Por este motivo, queridos amigos, convido-vos a intensificar o vosso caminho de fé em Deus, Pai de nosso Senhor Jesus Cristo. Vós sois o futuro da sociedade e da Igreja! Como escrevia o apóstolo Paulo aos cristãos da cidade de Colossos, é vital ter raízes, bases sólidas! E isto é particularmente verdadeiro hoje, quando muitos não têm pontos de referência estáveis para construir a sua vida, tornando-se assim profundamente inseguros. O relativismo difundido, segundo o qual tudo equivale e não existe verdade alguma, nem qualquer ponto de referência absoluto, não gera a verdadeira liberdade, mas instabilidade, desorientação, conformismo às modas do momento. Vós jovens tendes direito de receber das gerações que vos precedem pontos firmes para fazer as vossas opções e construir a vossa vida, do mesmo modo como uma jovem planta precisa de um sólido apoio para que as raízes cresçam, para se tornar depois uma árvore robusta, capaz de dar fruto.

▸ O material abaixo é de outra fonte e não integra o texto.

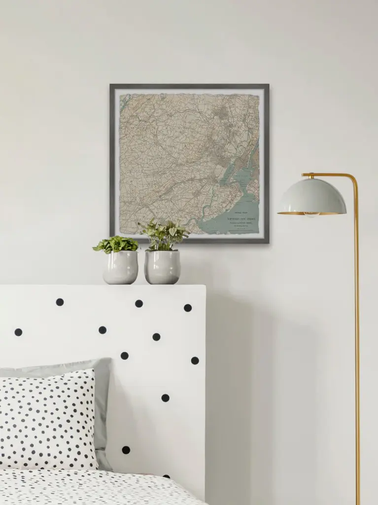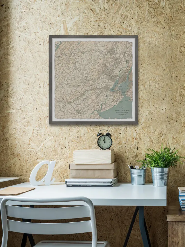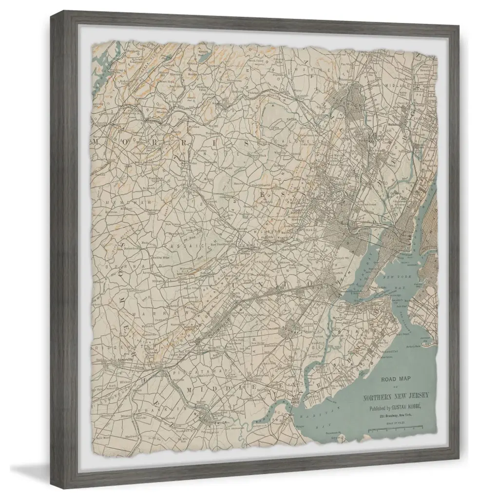 This road map of Northern New Jersey is both a functional and decorative way to learn more about the state. Proudly printed in the USA, this piece is printed on high quality archive paper and professionally hand-framed. With wall-mounting hooks included, this artful accent is ready to hang up as soon as it reaches your front door.- Top quality Gicle print on high resolution Archive Paper- Hand cut deckled edges- High quality durable non-warping frame- Finished under shatter resistant plexiglass- Arrives ready to hang- Includes a certificate of authenticity- Printed in the USA

Enraizados e fundados em Cristo

2. Para ressaltar a importância da fé na vida dos crentes, gostaria de me deter sobre cada uma das três palavras que São Paulo usa nesta sua expressão: «Enraizados e fundados em Cristo… firmes na fé» (cf. Cl 2, 7). Nela podemos ver três imagens: «enraizado» recorda a árvore e as raízes que a alimentam; «fundado» refere-se à construção de uma casa; «firme» evoca o crescimento da força física e moral. Trata-se de imagens muito eloquentes. Antes de as comentar, deve-se observar simplesmente que no texto original as três palavras, sob o ponto de vista gramatical, estão no passivo: isto significa que é o próprio Cristo quem toma a iniciativa de radicar, fundar e tornar firmes os crentes.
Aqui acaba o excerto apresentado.